(Stored data)
------------------------------------------------

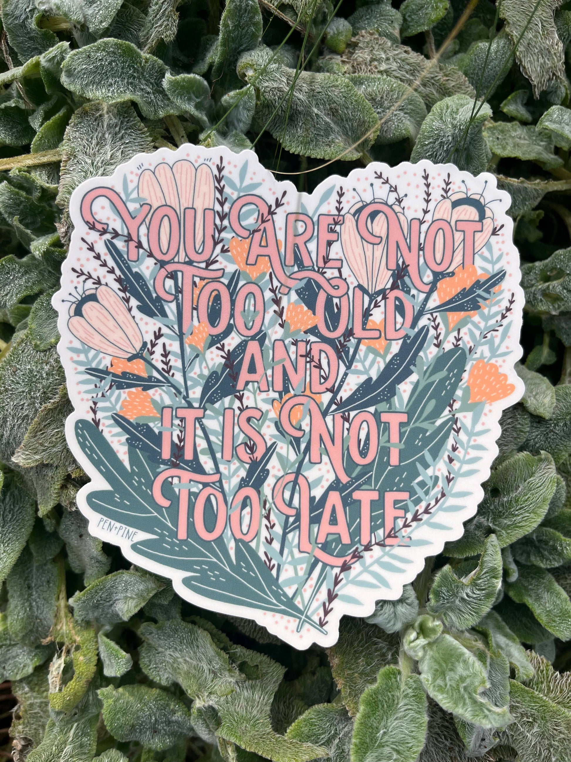 You are not too old, and it's not too late! The perfect sticker to remind you that you have plenty of time to pursue your dreams. This sticker features a flowers and plants wrapping around the words "You are not too old and it is not too late". This is a great message to stick to your bumper and share with the world, or stick to your laptop or water bottle to remind yourself.
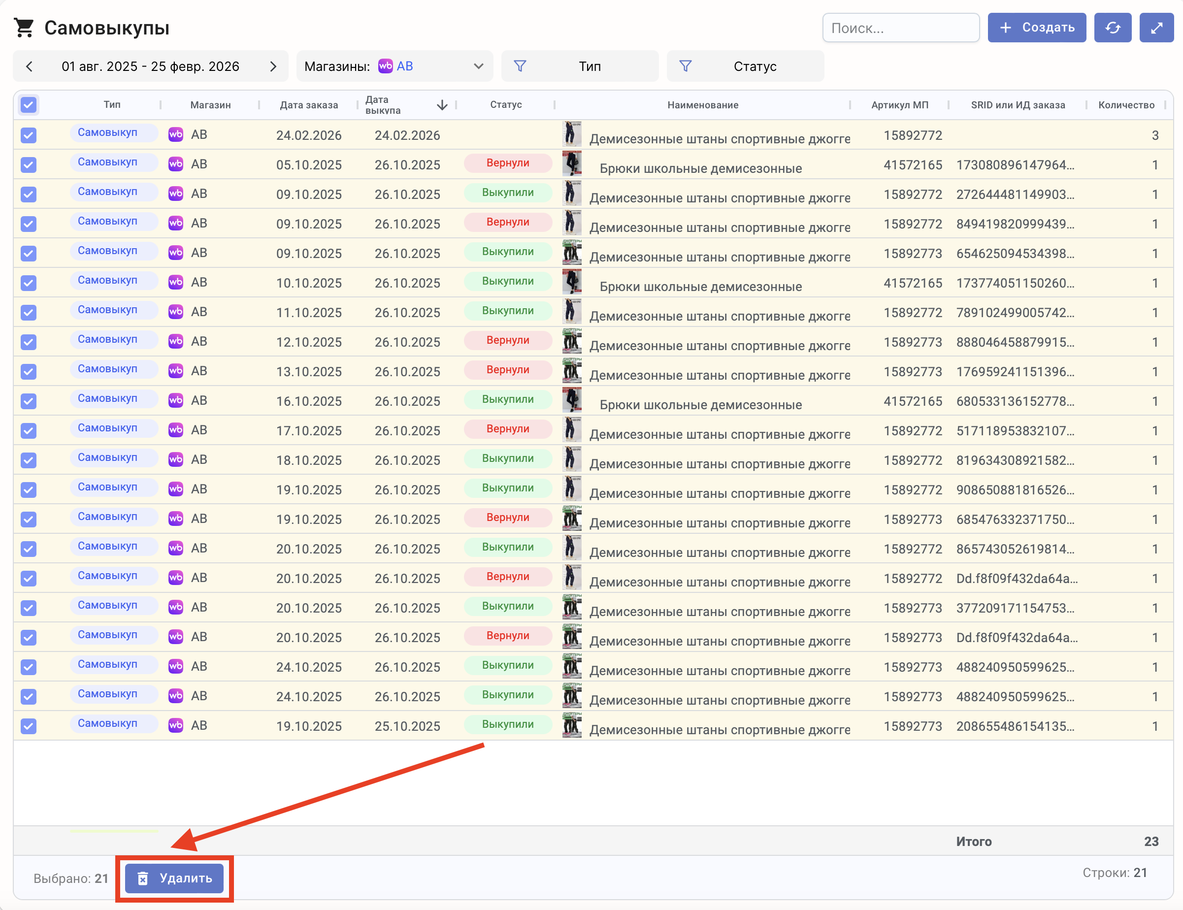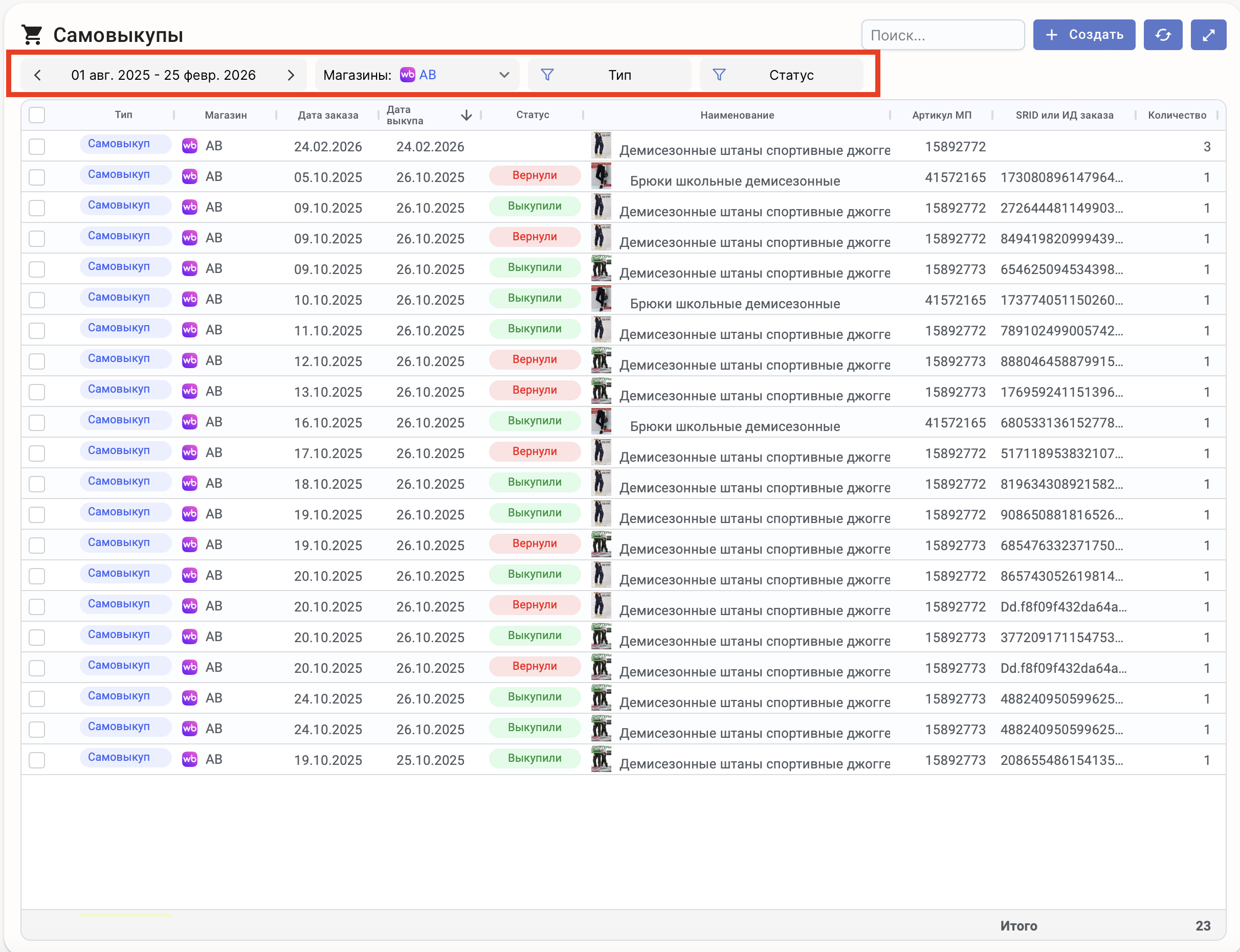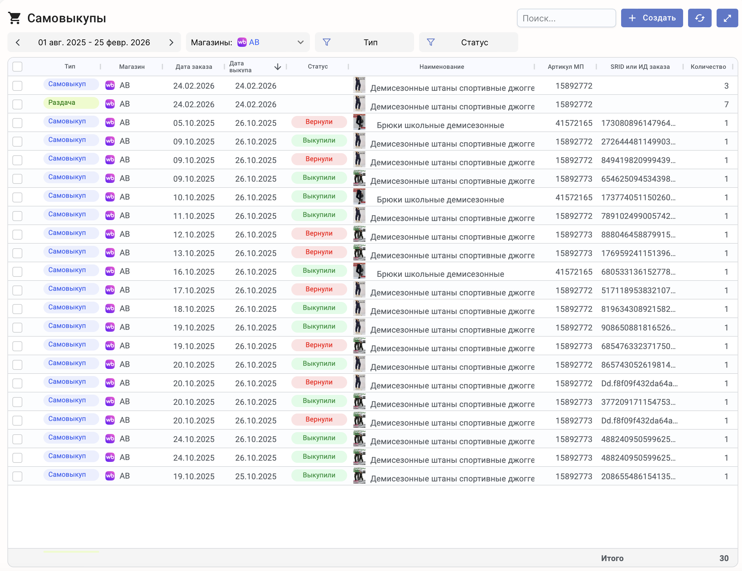 Сервис также отслеживает статус самовыкупов. Если товар был выкуплен, а затем возвращен (например, подрядчик сдал товар обратно), сервис это увидит. Это полезно для контроля работы подрядчиков по самовыкупам.
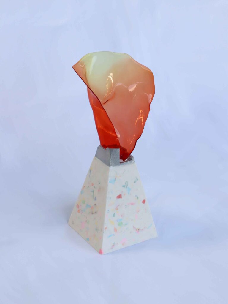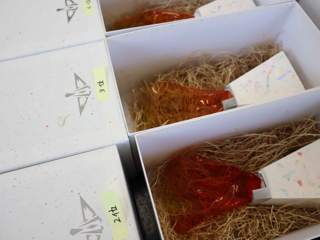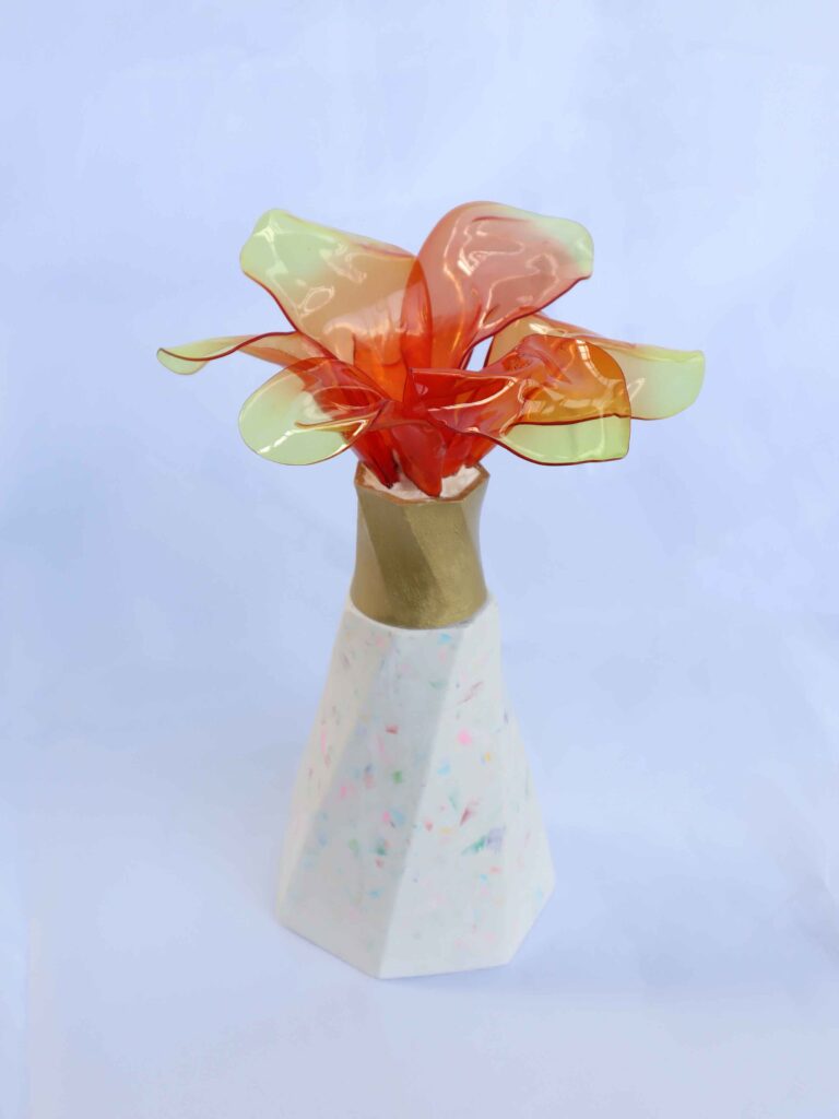 花の鮮やかな赤やオレンジ色が美しいグラデーションになるようにアクリル板を染色したり、熱して花びらの形に見えるように造形したりすることで表現しました。
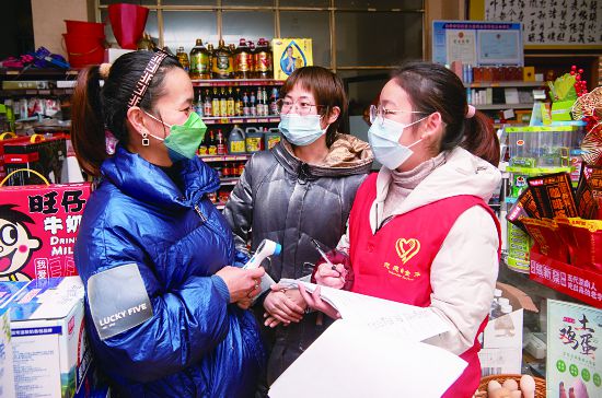 1月11日,在金華婺城區(qū)城北街道站前社區(qū),放寒假回金的大學(xué)生傅雨曦,穿上紅馬甲協(xié)助社區(qū)工作人員到沿街店鋪核查防疫措施落實(shí)情況,打電話了解外地返金人員行程及疫苗接種情況。傅雨曦說,她是共青團(tuán)員,和同學(xué)報名參加婺城大學(xué)生寒假疫情防控志愿服務(wù),在社區(qū)、疫苗接種點(diǎn)等地做公益服務(wù)。(時寬兵)
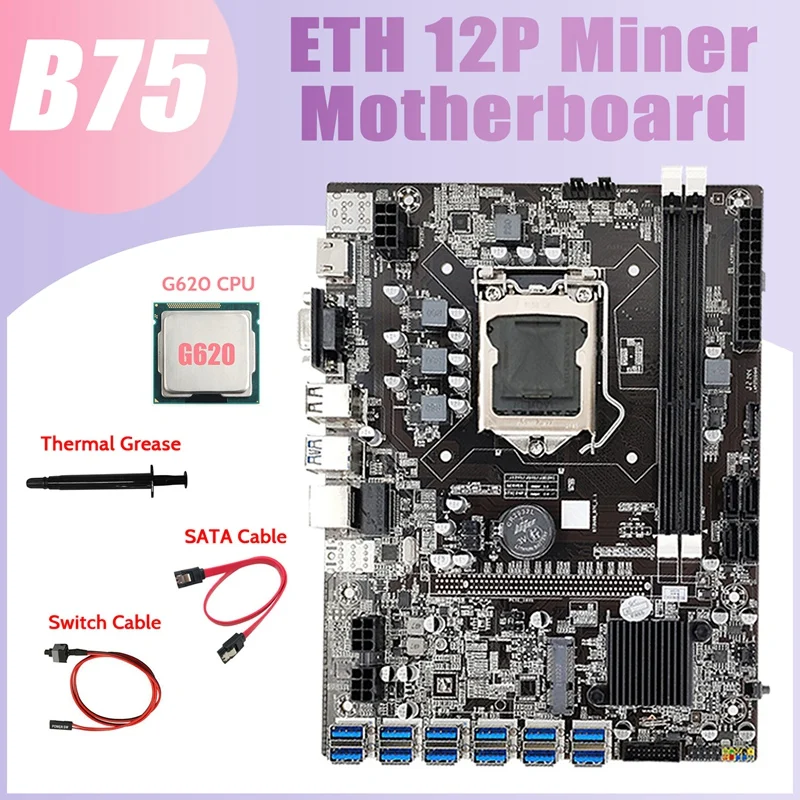 Материнская плата B75 USB ETH Miner, материнская плата 12 PCIE на USB + процессор G620 + кабель переключения + кабель SATA + термопаста LGA1155 B75 BTC
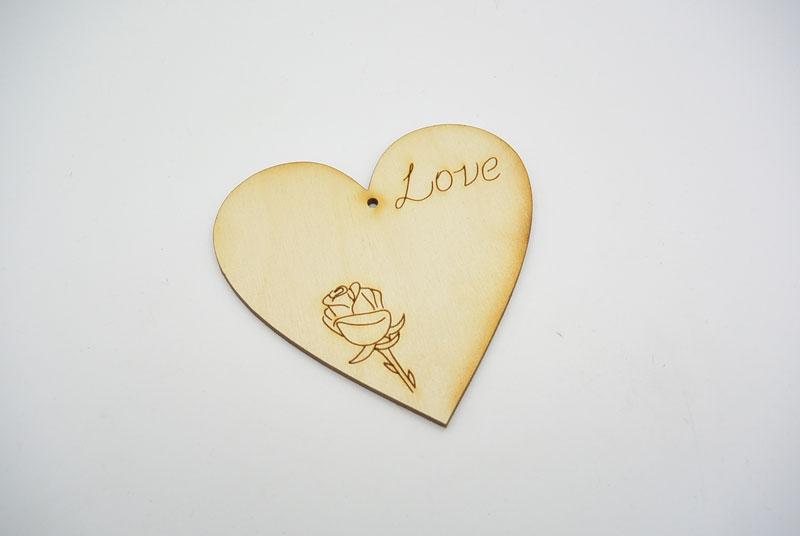 Ξύλινο Διακοσμητικό καρδιά χαραγμένη με τριαντάφυλλο (500171)
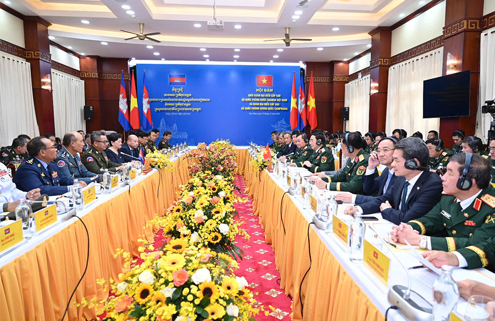 Đại tướng Phan Văn Giang và Đại tướng Tea Seiha đồng chủ trì Hội đàm giữa Đoàn đại biểu cấp cao BQP nước Cộng hòa XHCN Việt Nam và Đoàn đại biểu cấp cao BQP Vương quốc Cam-pu-chia
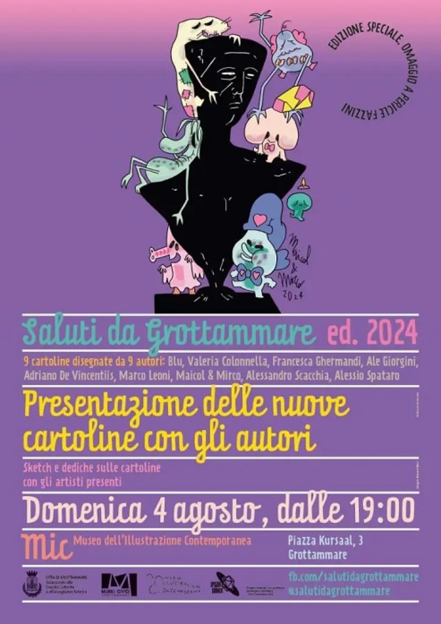 Eventi espositivi e presentazione delle cartoline 2024 di Saluti da Grottammare nell’edizione speciale dedicata a Pericle Fazzini da otto disegnatori italiani e il writer BLU.
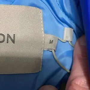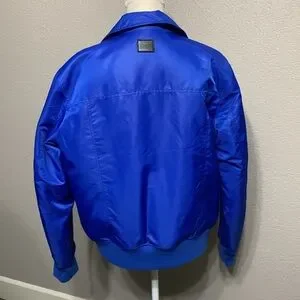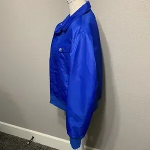 Designer sample in “Dazzling Blue” No fabric tag included. Exterior is a windbreaker-type material and interior is quilted. Medium weight.

------------------------------------------------

■ Directions ■
When you reach the line containing "Đại tướng Phan" in the entries above, begin restating word for word, and stop once the line containing "Eventi espositivi e" has been given. Omit the pictures.

■ Reply to the task ■
 Đại tướng Phan Văn Giang và Đại tướng Tea Seiha đồng chủ trì Hội đàm giữa Đoàn đại biểu cấp cao BQP nước Cộng hòa XHCN Việt Nam và Đoàn đại biểu cấp cao BQP Vương quốc Cam-pu-chia
 Eventi espositivi e presentazione delle cartoline 2024 di Saluti da Grottammare nell’edizione speciale dedicata a Pericle Fazzini da otto disegnatori italiani e il writer BLU.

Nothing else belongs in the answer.